Cannizzaro: We'll have a mini expansion that's optimized for inside-out tracking.
How long was the development process for a three-hour title like Virtual Virtual Reality?
Gorman: We got a three-hour game done in roughly eight months. The timeline for development was probably not a standard time for development.
Cannizzaro: At the hack-a-thon we did, we ended up producing a video, and that just sat for eight months or something. We thought it would be an interactive video project. The Indiecade that year is probably when we first started talking to Google.
Gorman: We started the conversation with Google about the roject in about 2015.
Cannizzaro: 2016 is when we kicked off.
Gorman: Again, our timeline isn't necessarily standard.
Cannizzaro: If you look at something like Oculus Story Studio, they have many people working for a couple of years on about 15 minutes of content. We looked at the constraints of what we could do and realized we were trying to do three hours of content with a six person team in about eight months.
One of the design decisions we made early on is that the writing and voice acting would be high quality, but we probably wouldn't have the resources to do a lot of custom animation. The game ended up featuring a lot of animation that's all physics driven.
The main robot, Chaz, doesn't have anything hand-animated. He's just always trying to balance himself like those Boston Dynamics robot dogs because of that. It made him feel like you could always grab him and interact with him. Most of the other characters also have different mouths and things that move in sync with the audio.
What kind of tools did you use to create the project? Did the characters come first, or the narrative?
Cannizzaro: We did a little concept art, but one of our teammates is really good at Blender and would whip out models as we needed them. Between him and I, we did all the art assets. He did much of the modeling, and I did much of the level and art design.
The game started off flat, but we realized early on there is just not much performance. When you have to do virtual reality, there's so much rendering. We decided we weren't going to attempt to be photo realistic; we're going to push it towards a cell-shaded, stylized art direction.
We decided we weren't going to attempt to be photo realistic, that we're going to push it towards a cell-shaded, stylized art direction.
If you look back at Game Cube games, they look dated except for Legend of Zelda: Wind Waker, which looks beautiful because it doesn't go for realism.
Gorman: The main thing that helped performance is that we don't have any textures in the game.

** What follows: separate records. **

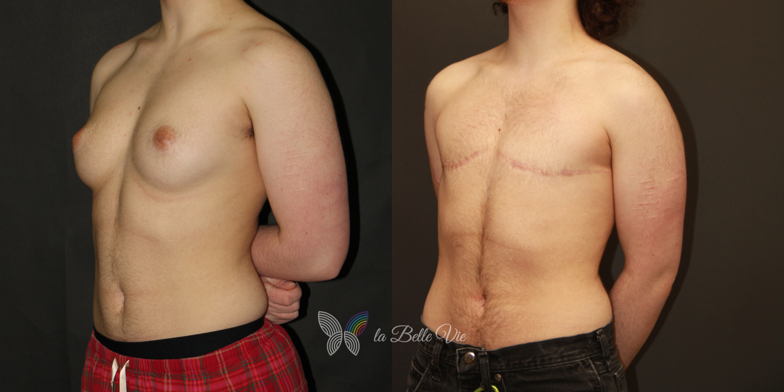 Double incision mastectomy, no nipples. Tissue Weight: L:380g, R:430g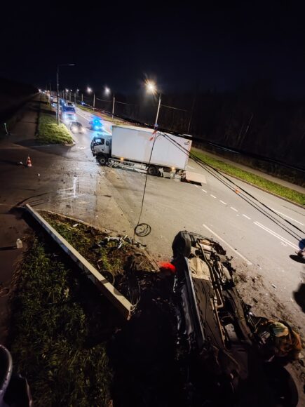 Полиция проводит проверку по факту аварии в поселке Шушары, где перевернулся на крышу автомобиль «Альфа Ромео».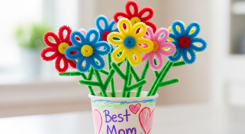 Form flower petals by creating loops at one pipe cleaner end, securing with twists. Wrap green pipe cleaners around pencils to create coiled stems, then attach flowers. This classic project teaches basic shaping while creating gifts for Mother’s Day, teacher appreciation, or spring decorating that parents genuinely treasure.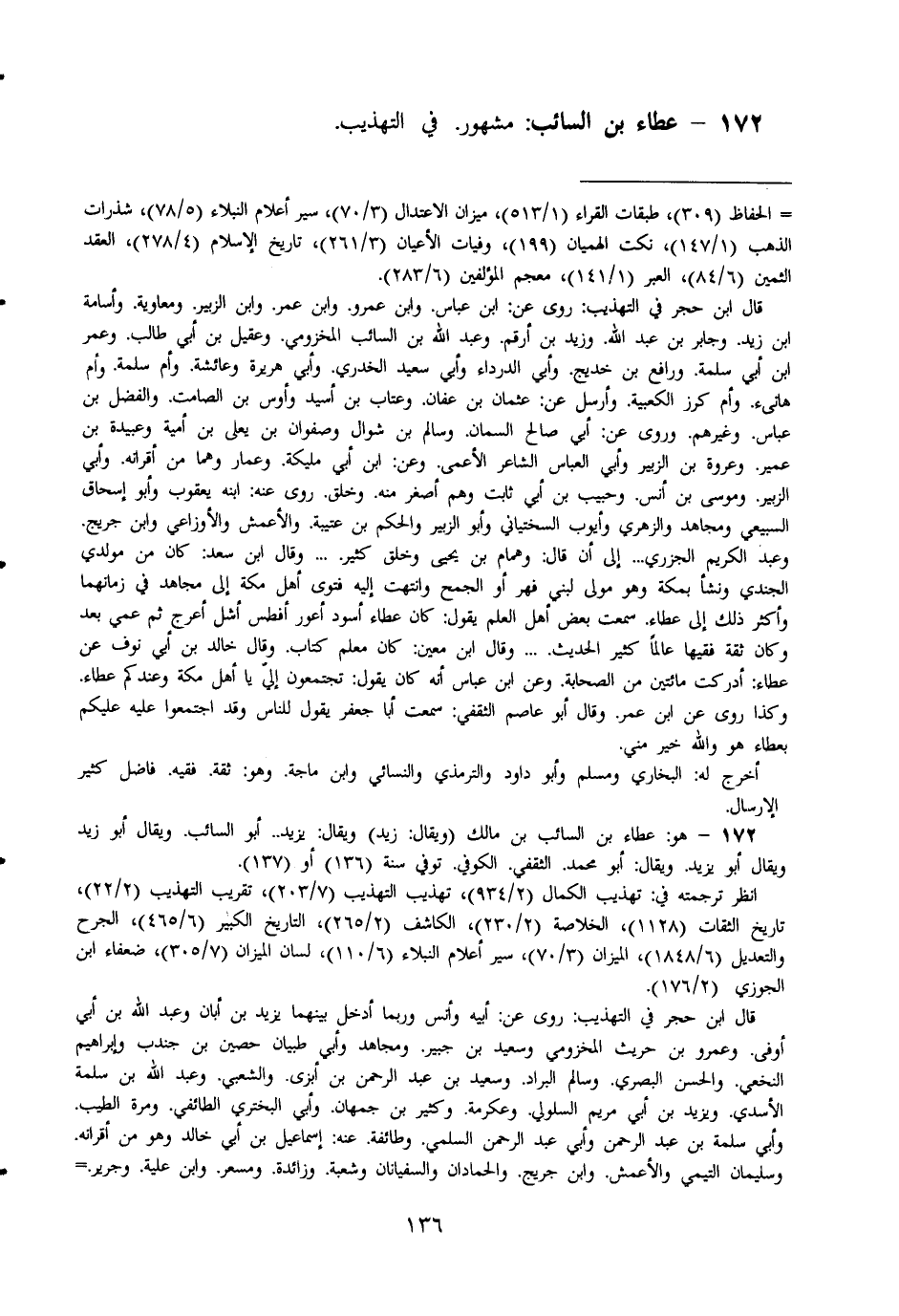 172 - عَطاء بن السَّائِب مَشْهُور فِي التَّهْذِيب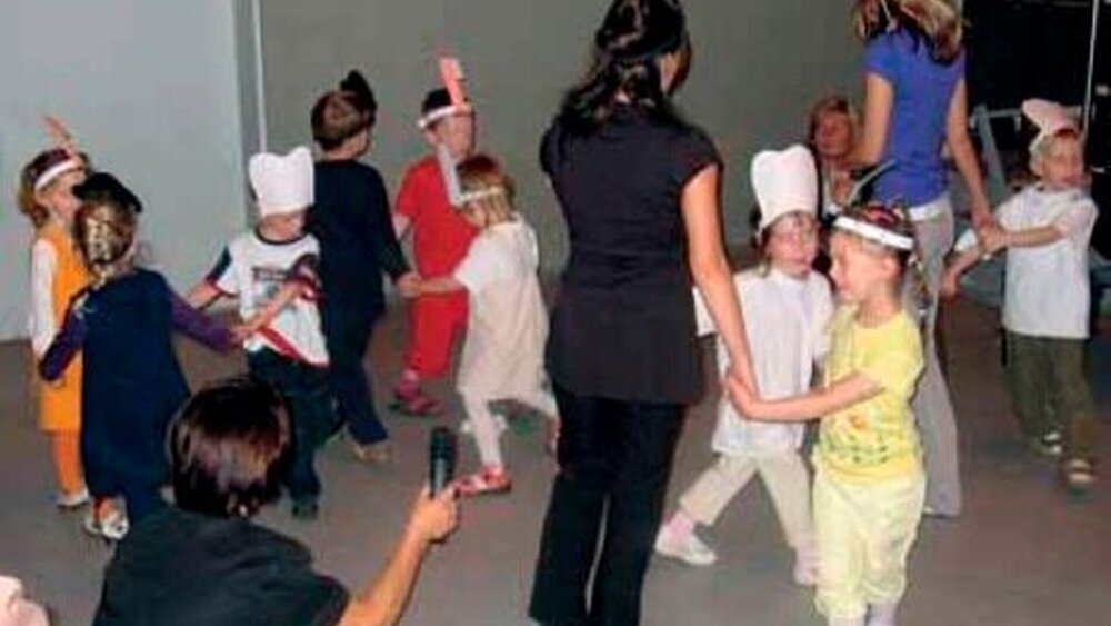 Beim Aktionsspiel ist Zähneputzen Programm: Mit Pappkronen gekennzeichnet, schlüpfen die Kleinen in die Rolle von Zahnbürsten, Bakterien und Zähnen. Papiertücher werden zu Zahnpasta. Die Kinder singen, tanzen, klatschen rhythmisch und fangen sich gegenseitig. Ein Erzieher moderiert.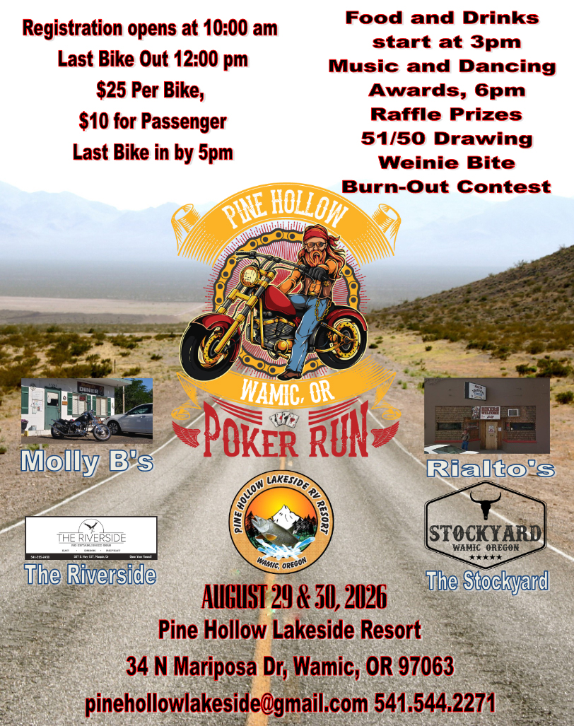 Registration opens at 10am, last bike out by 12pm. $25 per bike, $10 for passenger. Last bike in by 5pm. Food and drinks start at 3pm, music and dancing, raffle prizes, 51/50 drawing, weinie bite, burn-out contest and more.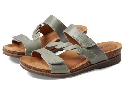 Cobb Hill May Slide - Women's Flat Shoes : Sage Leather : Enjoy endless comfort with every step by slipping into the Cobb Hill May Slides. ; Wedge heel sandals featuring leather upper with cutout detailing. ; Cushioned leather and textile footbed. ; Cork-wrapped midsole bring bohemian vibe to your style. ; Anatomically molded interior cushion pod helps to create optimal comfort. ; Three adjustable hook-and-loop closures make for a custom fit. ; Open round toe silhouette. ; Easy slip-on style. ; Sculpted TPR outsole provides traction control. ; Imported. Measurements: ; Heel Height: 3 4 in ; Weight: 8 oz ; Platform Height: 4 9 in ; Product measurements were taken using size 9, width B - Medium. Please note that measurements may vary by size. | Cobb Hill May Slide Women's Flat Shoes Sage Leather : 6 B - Medium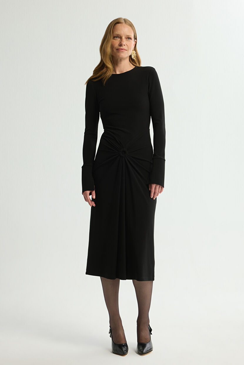 Siyah Düşük Kol Önü Drapeli Elbise 124L9746000-001 | adL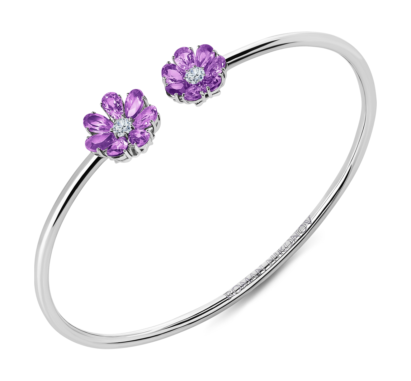 Нежный гибкий браслет из 18-ти каратного белого золота с двумя волшебными цветками в центре. Яркие лепестки цветика из аметистов огранки «груша». Сердцевина цветка украшена бриллиантом классической огранки. Преимущество браслета в его утонченной, гибкой форме, благодаря которой украшение легко надевать. Браслет изящно смотрится на запястье, а игра света подчеркивает яркий колорит драгоценных лепестков.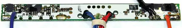 Перед тем как дать вторую жизнь литиевой аккумуляторной батарее нетбука, её склеенный пластмассовый корпус аккуратно вскрывают по шву. Если аккумуляторы окажутся разряженными "в ноль", их можно несколько минут подзарядить напрямую, минуя контроллер, током 0,5...1 А через токоограничивающий резистор или от источника тока. За это время аккумуляторы наберут напряжение, достаточное для включения контроллера. Измеренная ёмкость полностью заряженной батареи составила около 5400 мА·ч при разрядке током 1 А, что для батареи возрастом около десяти лет неплохой показатель. На плате контроллера (рис. 2) была маркировка BLA4AE00. Назначение проводов следующее. В центре два синих - минус контроллера, зелёный - управление, два красных - плюс контроллера. По краям платы: контакт VC (синий провод) - минус элементов G2 и G4, контакт Vp (красный провод) - плюс элементов Gl и G3, контакт VM в центре (провод не припаян) - общий элементов G1-G4. Контроллер отключает зарядку аккумуляторной батареи при достижении напряжения 8,4 В. Если в вашем распоряжении окажется другая батарея с другим контроллером, назначение его выводов можно узнать в Интернете или экспериментально. В случае, если применить батарею от ноутбука на рабочее напряжение 10,8 В или 14,4 В, то из-за большой разницы между входным и выходным напряжениями на месте стабилизатора DA2 рекомендуется применить импульсный понижающий стабилизатор напряжения.

Cannizzaro: When you try to upload a texture to the GPU, it can be a bottleneck on mobile phones. But instead, we painted everything onto the vertices of the model and used very flat colors. Our levels are also minimal, which meant we could hit the 60 frames-per-second frame rate much easier.
We also tried to get lighting working well. Lighting was a way we could set an emotional tone more effectively, and having control over that was important to us.
We also did a lot of vertex distortion and displacement of things like the vacuum when it pulls everything. We found that it works well, performance wise, on the mobile phone. It's not a solution to every game, but it worked well for us.
How long did it take to settle on the narrative of the game?
Gorman: Sometimes I get information on what is possible and what is doable, and I'll do a combination of free-writing and do a diagram on a dry erase board. But inevitably, as we work with the tech to figure out what's possible and what's satisfying, I think I had roughly the month of September 2016 to plan things out and finalize the narrative. We had to write the scripts and do the voice recording in November.
Cannizzaro: How it would work is: Samantha would write a script, we would record it internally and then put it in the game. We'd do some play tests, and then all of us would sit down and look at the timing and what needed to be cut. We tried to do that before sitting down with the voice actors.
Gorman: We had seven or eight drafts of the whole intro sequence. There's one sequence we re-wrote at least three times because we had to get across a lot of information, but it was too expository and too long. We had to figure out how to break it down and remove it.